Data won’t solve your problems.
It’s shocking, I know. We’ve been told by marketing “gurus” and Silicon Valley that data is the single must-have that enables great products. It’s “the golden age of analytics,” after all. Startup culture has seeped into marketing culture, and now everybody tells you that data is key to making good decisions. You must track your website, your social media, and all your KPIs ad infinitum.
It’s a load of crap.
The thing is, you know it’s crap. Just because we can measure more things than ever before doesn’t make the data more inherently useful. Now we’re all just wasting a lot of time on data that doesn’t matter. If your website strategy and social media investments are working, you would know because your business would likely pick up steam too. Any data beyond that might be helpful in diagnosing the problem; but while numbers don’t lie, they don’t exactly tell stories either.
There’s a reason most of us don’t read math textbooks for fun.
This isn’t a diss against all data. Analyzing results is a necessary evil in business, and one that some people really like. How much growth did you have quarter over quarter compared to last year? Did you grow your customer base, or is it mostly repeat business? How much profit did you make this quarter? Do those metrics align with your goals? If not, how can you improve them next year?
These questions are worth asking. Data isn’t the problem. You should use Google Analytics (or your preferred equivalent) to track your website, and to measure what’s working. That data is great, but making changes based on data is reactive.
Twitter is a great example of a company that reacts based on analytics, but ends up making poor decisions with that data. Twitter has an ad market that’s arguably successful, and lots of data on their users.
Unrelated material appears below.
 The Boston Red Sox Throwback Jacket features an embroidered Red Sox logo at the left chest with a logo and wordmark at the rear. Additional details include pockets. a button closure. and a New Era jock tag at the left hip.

But every quarter, they realize their metric of active daily users is decreasing, and they’re finding it hard to increase the new people on Twitter as fast as they’re losing them.
Their solution to this was to start trialling 280-character tweets, and change “stars” to “hearts”. This is misdiagnosing the problem. The problem is the harassment and hostility on the platform, but data doesn’t tell them that information. So they continue to fumble about in the dark, like mice looking for food and falling for all the traps.
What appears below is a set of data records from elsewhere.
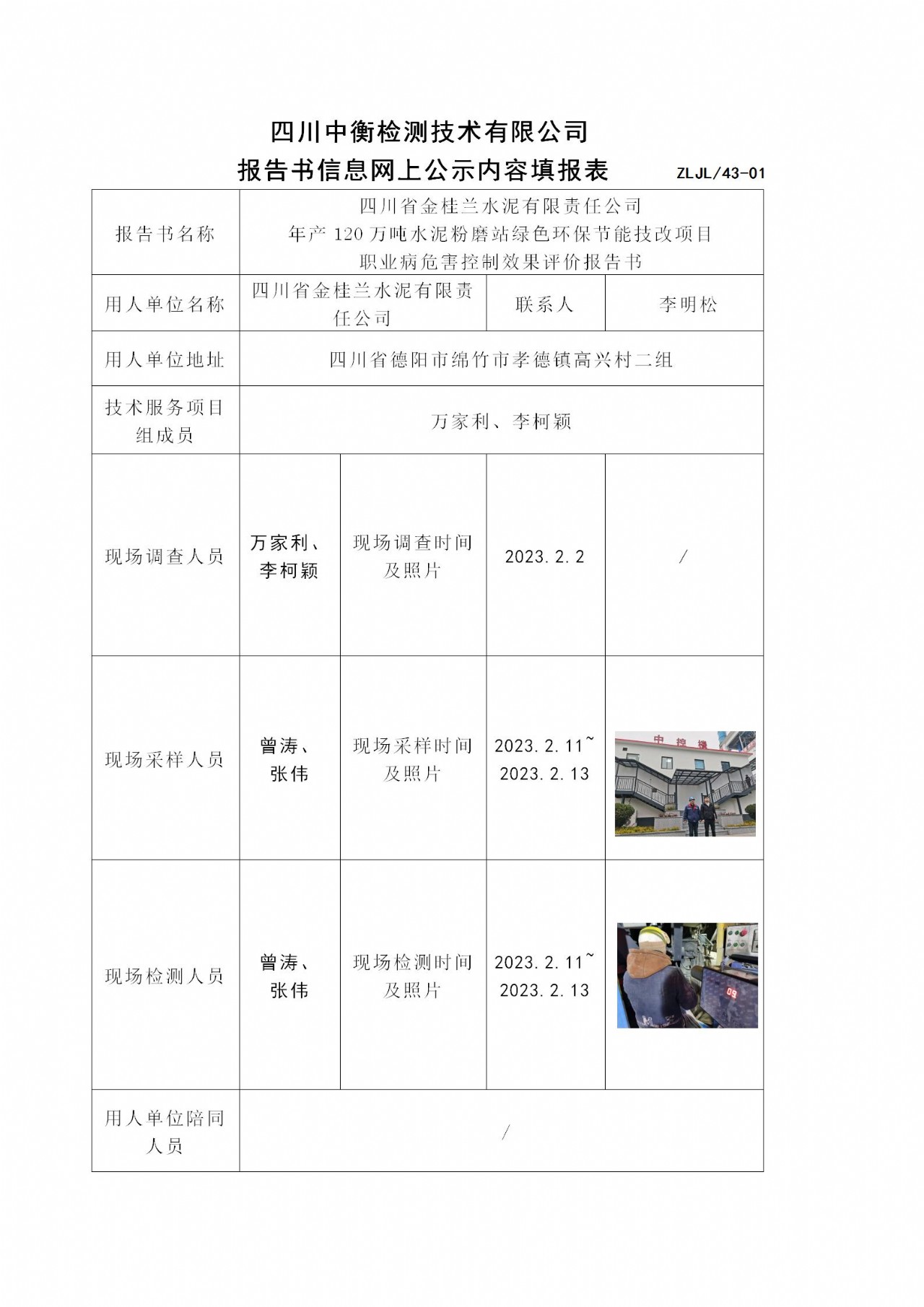 四川省金桂蘭水泥有限責任公司 年產(chǎn)120萬噸水泥粉磨站綠色環(huán)保節(jié)能技改項目 職業(yè)病危害控制效果評價
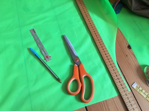 Since getting him home I’ve sprayed him with some NikWax waterproofing potion and sewn him a fetching green coat so that overnight showers and rainy days won’t bother us. (Wet dog in a tent anyone? No thanks.)
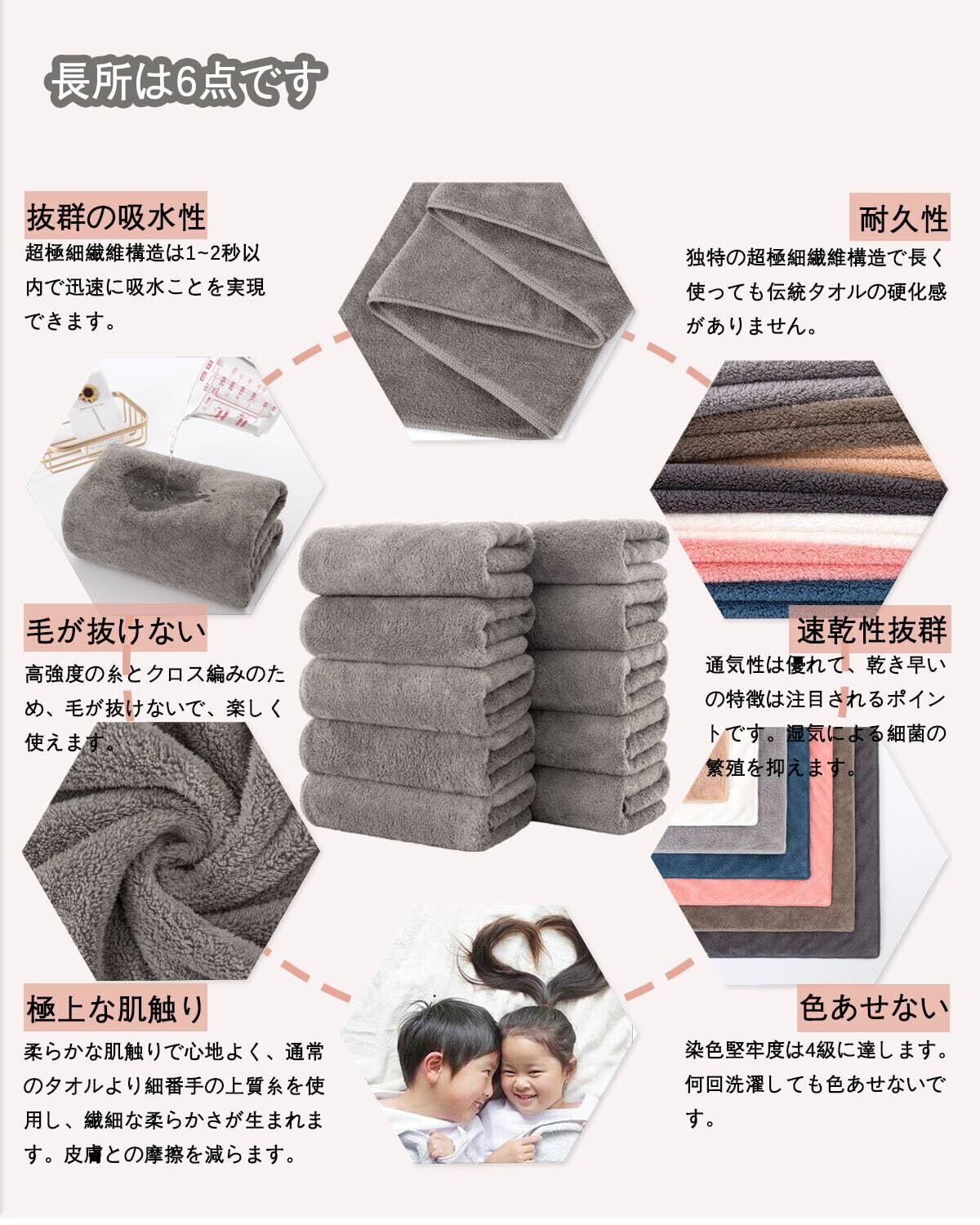 【フェイスタオル 10枚セット】サイズ:約35×75cm、重量:約80g(1枚あたり)セット内容: グレーブラウン 10枚。出張、旅行、入浴、ご家族皆さんが満足できます、様々な場合で活躍。

Similarly, airport security increases with every new terror threat. They’re armed with data, but they’ve made poor decisions. Airport security is 95% ineffective. Instead of finding good (creative) ways to solve problems, they react to the latest terror attempt. They’re doing what they can with the latest information they have.
And that’s why relying on data for your decisions is dangerous. Data only tells part of the story, and it often tells the story too late. It tells you the direction things are trending, and like steering a boat, it often takes a long time to turn that data around.
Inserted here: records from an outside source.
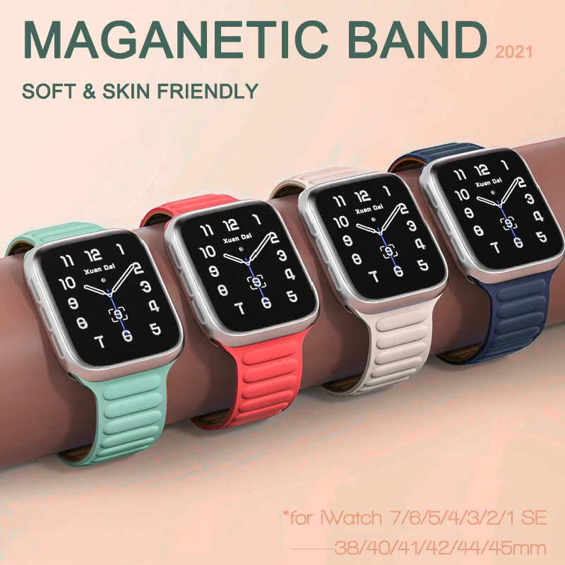 Ремешок силиконовый магнитный для Apple Watch Band 44 мм 40 мм, спортивный резиновый браслет для iWatch Series 7 6 SE 5 4 3 2 42 мм 41 мм
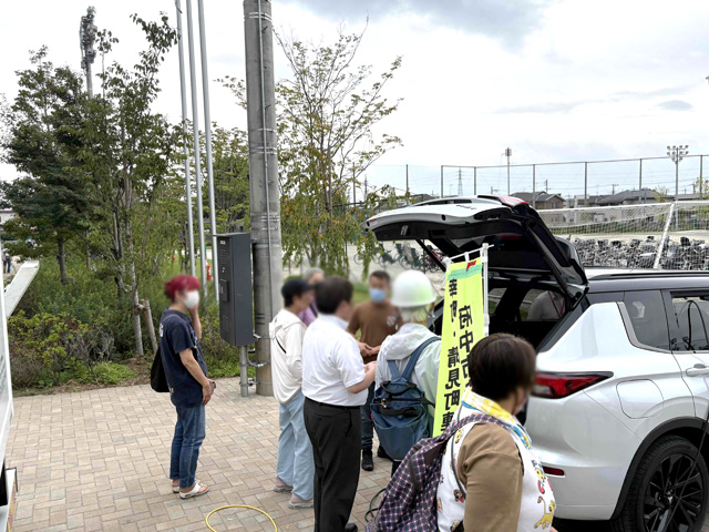 説明後には多くの訓練参加者がアウトランダーPHEVに興味を示され、実際に車両をご覧いただく機会となりました。特に、給電の仕組みやPHEVの構造に関する質問が寄せられるなど、防災に対する関心が高いことを感じました。
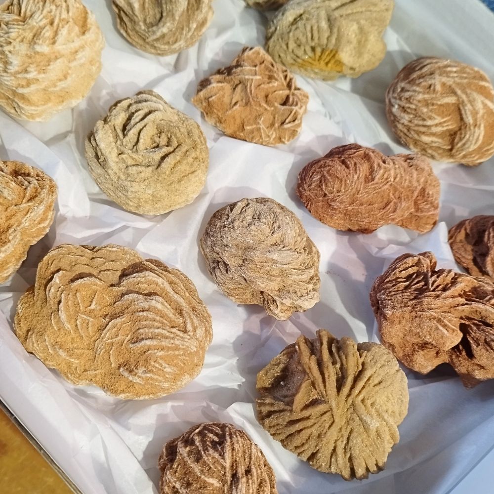 La rosa de baritina es una formación mineral compuesta por cristales de barita (sulfato de bario) que se agrupan de forma radial, imitando los pétalos de una rosa.
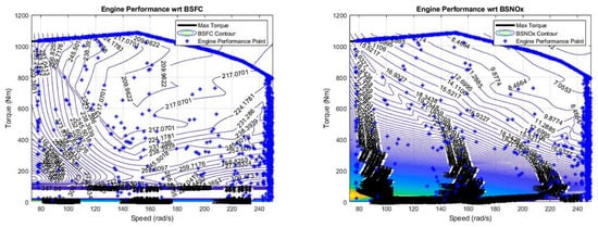 Engine Performance with Fuel Minimization: BSFC Performance (left) and BSNOx Performance (right).
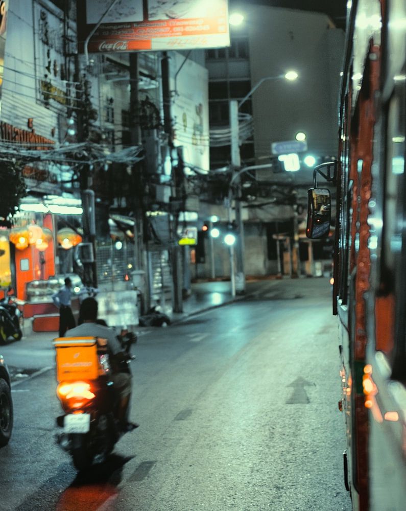 Il existe de nombreux moyens de se déplacer à Bangkok. Un moyen est le tuktuk, le taxi ou le scooter et un autre moyen est le métro ou comme moi le bus. L'avantage des bus en Thaïlande, c'est qu'ils n'ont pas de fenêtres et que j'ai pu m'y accrocher pour prendre des photos de la ville.
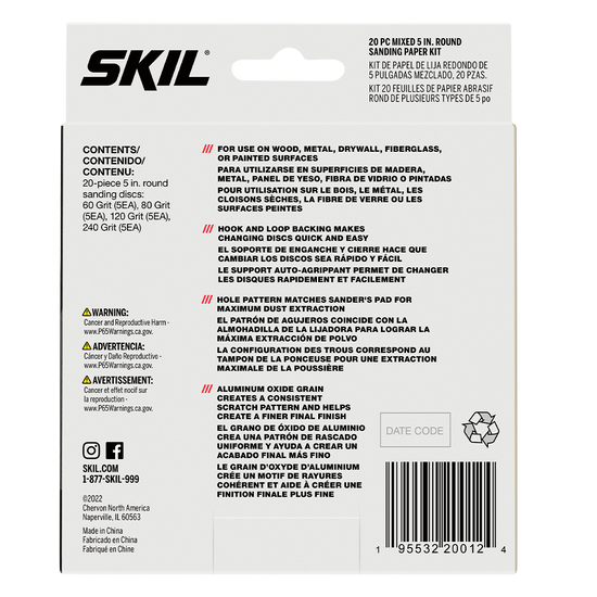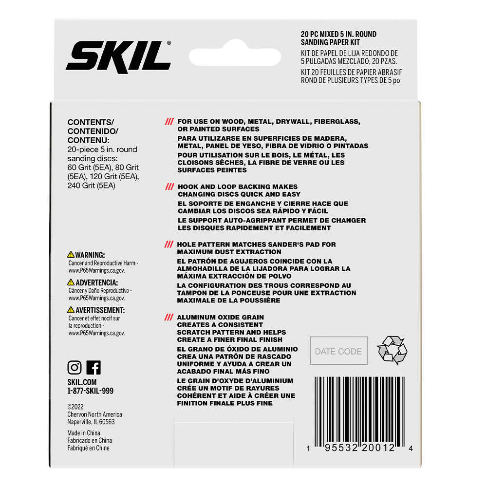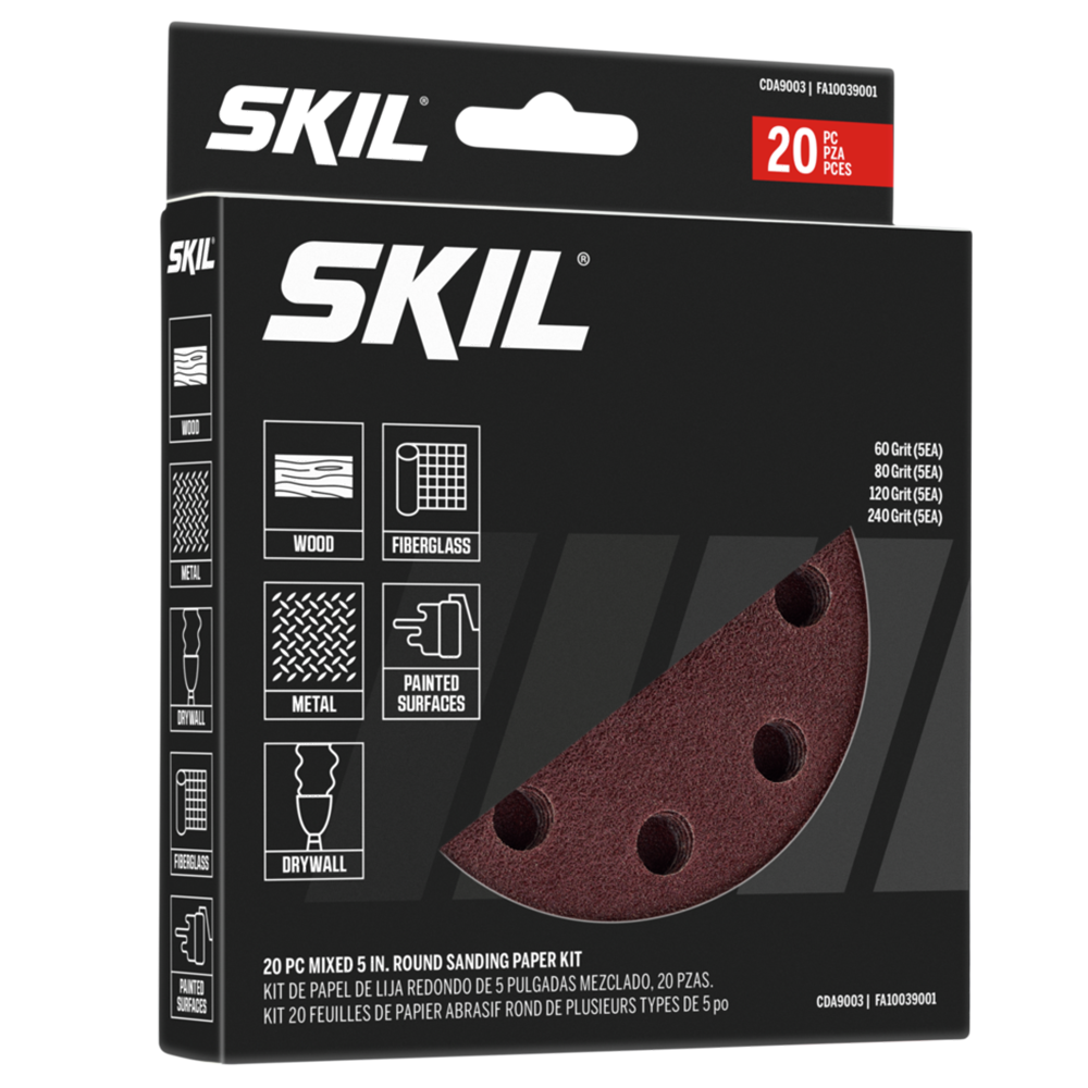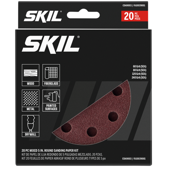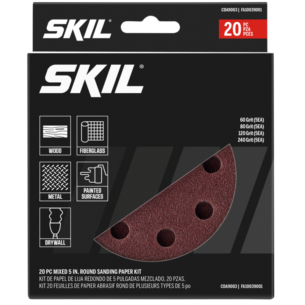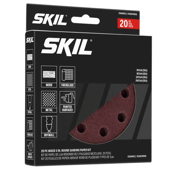 Tackle any sanding project with the SKIL 20-Piece Mixed 5-Inch Round Sanding Paper Kit. Aluminum oxide grain creates a consistent scratch pattern and helps create a finer finish when used on wood, metal, drywall, fiberglass, or painted surfaces. Hook and loop backing makes changing discs quick and easy, and the hole pattern matches the sander’s pad for maximum dust extraction. The kit includes various grit for sanding needs from coarse to extra-fine.

If your website is losing momentum, there could be any number of reasons for that. You’ll need to try different things to see if you can pick the momentum back up. And you can use analytics to track how well those things are working, and find out if they’re worth doing.
But data doesn’t solve the problem.
Creativity does.
The best solution to data you don’t like is creative problem solving. Talk to your customers. Find out if your website is useful for them. Think outside the box, track what you can, and find if it’s worked. Adapt quickly. It’s the same thing you would do in any other area of your business.